All entries need to be written out again exactly, without their pictures.

[Start of section]

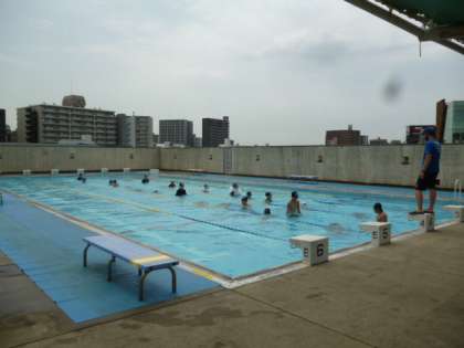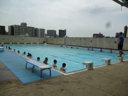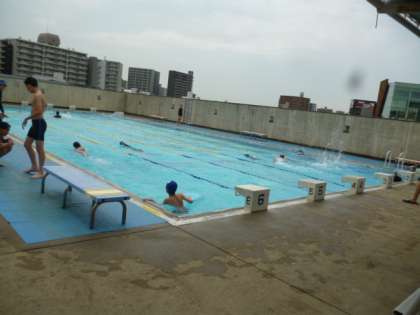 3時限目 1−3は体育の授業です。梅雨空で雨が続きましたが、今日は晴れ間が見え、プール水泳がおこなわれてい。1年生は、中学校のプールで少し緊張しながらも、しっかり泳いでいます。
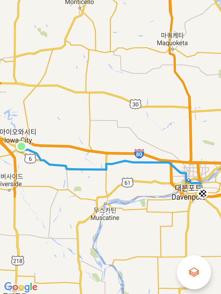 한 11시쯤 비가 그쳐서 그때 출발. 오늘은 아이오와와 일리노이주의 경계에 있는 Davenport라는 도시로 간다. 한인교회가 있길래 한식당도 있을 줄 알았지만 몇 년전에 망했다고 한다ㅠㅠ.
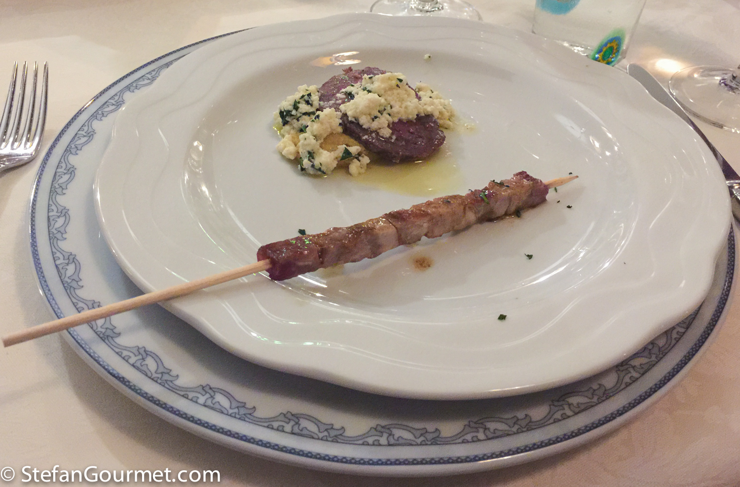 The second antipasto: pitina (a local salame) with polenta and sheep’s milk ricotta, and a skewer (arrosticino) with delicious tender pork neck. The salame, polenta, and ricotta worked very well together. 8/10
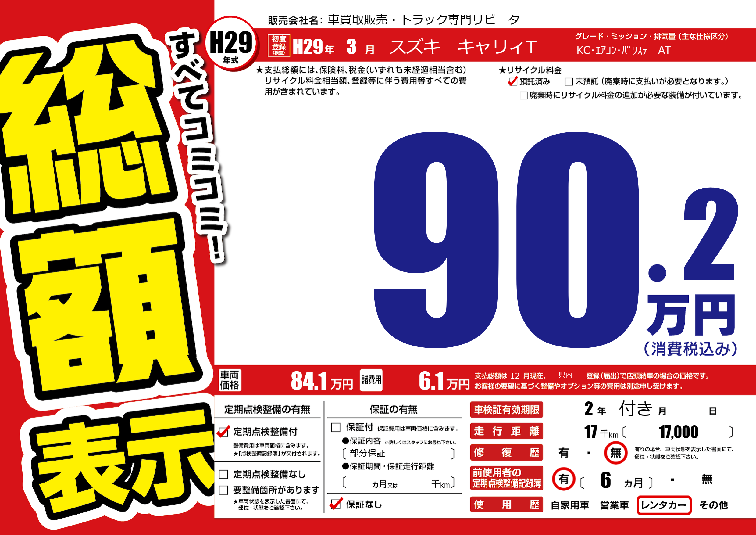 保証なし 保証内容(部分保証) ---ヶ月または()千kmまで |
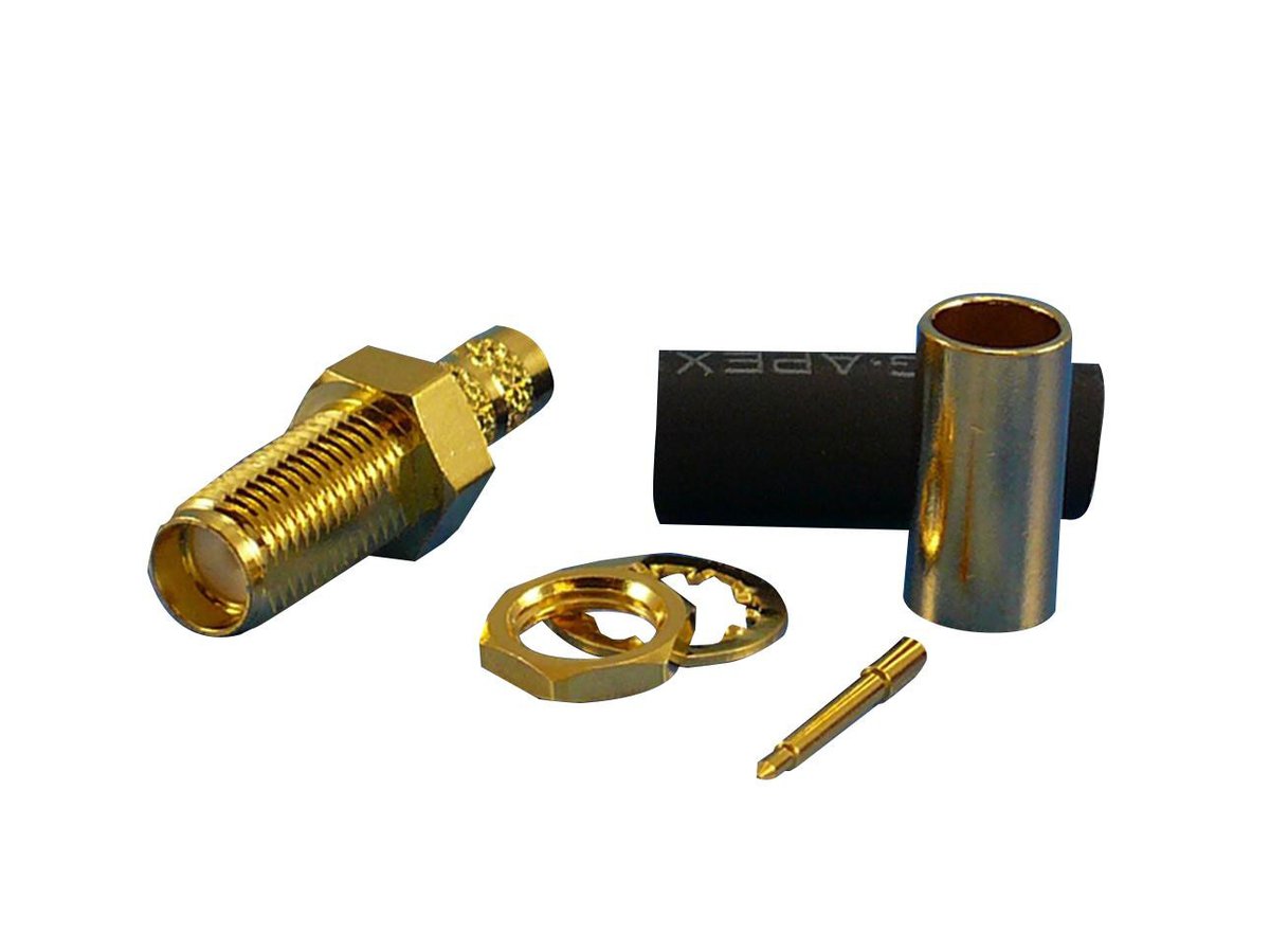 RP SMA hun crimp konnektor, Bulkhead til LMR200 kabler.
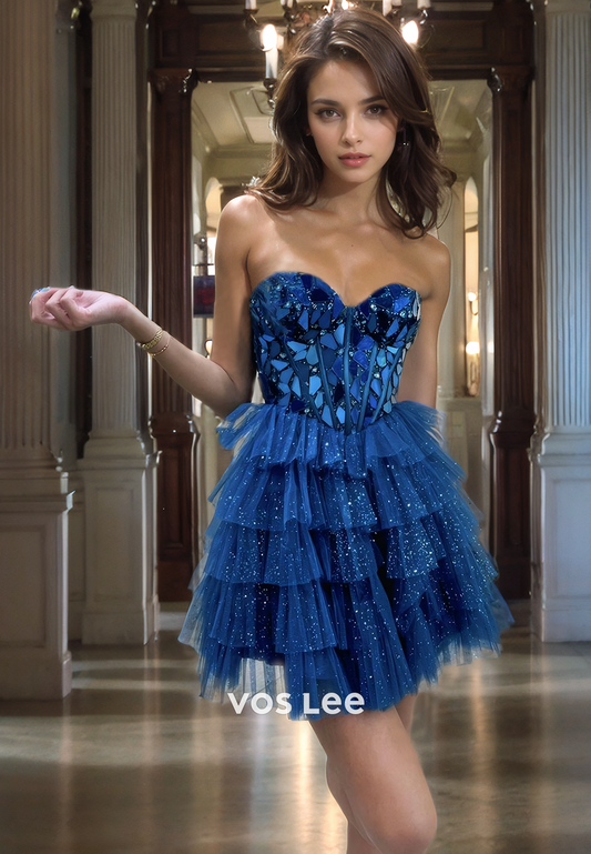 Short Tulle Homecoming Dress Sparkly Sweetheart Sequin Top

[End of section]

**Answer area**
 3時限目 1−3は体育の授業です。梅雨空で雨が続きましたが、今日は晴れ間が見え、プール水泳がおこなわれてい。1年生は、中学校のプールで少し緊張しながらも、しっかり泳いでいます。
 한 11시쯤 비가 그쳐서 그때 출발. 오늘은 아이오와와 일리노이주의 경계에 있는 Davenport라는 도시로 간다. 한인교회가 있길래 한식당도 있을 줄 알았지만 몇 년전에 망했다고 한다ㅠㅠ.
 The second antipasto: pitina (a local salame) with polenta and sheep’s milk ricotta, and a skewer (arrosticino) with delicious tender pork neck. The salame, polenta, and ricotta worked very well together. 8/10
 保証なし 保証内容(部分保証) ---ヶ月または()千kmまで |
 RP SMA hun crimp konnektor, Bulkhead til LMR200 kabler.
 Short Tulle Homecoming Dress Sparkly Sweetheart Sequin Top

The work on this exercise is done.